Coordinates: 43°44′09″N 96°37′31″W / 43.735926°N 96.625324°W / 43.735926; -96.625324 The Center for Earth Resources Observation and Science (EROS) is a United States Geological Survey data management, systems development, and research field center. It serves as the national archive of remotely sensed images of the Earth’s land surface acquired by civilian satellites and aircraft. EROS is located northeast of Sioux Falls, South Dakota, between Baltic and Garretson.

In the 1960s the federal government decided it needed a single facility to handle and distribute LANDSAT satellite data. A study determined that such a data center be located where it could receive transmissions directly from a satellite passing over any part of the conterminous United States. This limited the location to an elliptical area that stretched from Topeka, Kansas, to just north of Sioux Falls. A rural location was also recommended to avoid radio and TV interference.

South Dakota Senator Karl Mundt worked with local business leaders in South Dakota to buy the land necessary for the data center and in 1970 it was announced that the Sioux Falls area had been chosen as the site for EROS. Construction started shortly thereafter and the facility opened on August 7, 1973.

EROS on Wikipedia

Random information on the term “LUST”:

Affection, attraction, infatuation, or fondness is a “disposition or state of mind or body” that is often associated with a feeling or type of love. It has given rise to a number of branches of philosophy and psychology concerning emotion, disease, influence, and state of being. “Affection” is popularly used to denote a feeling or type of love, amounting to more than goodwill or friendship. Writers on ethics generally use the word to refer to distinct states of feeling, both lasting and spasmodic. Some contrast it with passion as being free from the distinctively sensual element.
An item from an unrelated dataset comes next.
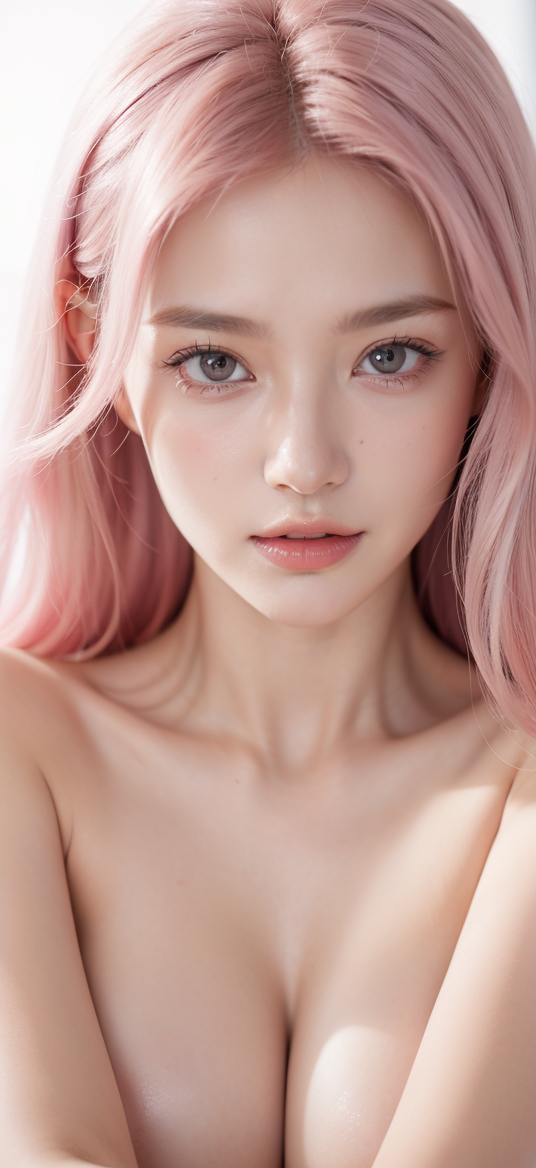 Please output an image that meets the following conditions. # Quality highest resolution possible, high quality, extremely detailed and realistic face # Subject 1girl # Features sheer-pink hair, delicate and beautiful facial features, charming, unmodified, pure, natural appearance, naked # Perspective close-up anus and eye and pussy and breast, looking at viewer # Style uncensored

Even a very simple demonstration of affection can have a broad variety of emotional reactions, from embarrassment to disgust to pleasure and annoyance. It also has a different physical effect on the giver and the receiver.

More specifically, the word has been restricted to emotional states, the object of which is a living thing such as a human or animal. Affection is compared with passion, from the Greek “pathos”. As such it appears in the writings of French philosopher René Descartes, Dutch philosopher Baruch Spinoza, and most of the writings of early British ethicists. However, on various grounds (e.g., that it does not involve anxiety or excitement and that it is comparatively inert and compatible with the entire absence of the sensuous element), it is generally and usefully distinguished from passion. In this narrower sense the word has played a great part in ethical systems, which have spoken of the social or parental affections as in some sense a part of moral obligation. For a consideration of these and similar problems, which depend ultimately on the degree in which the affections are regarded as voluntary, see H. Sidgwick, Methods of Ethics pp. 345–349.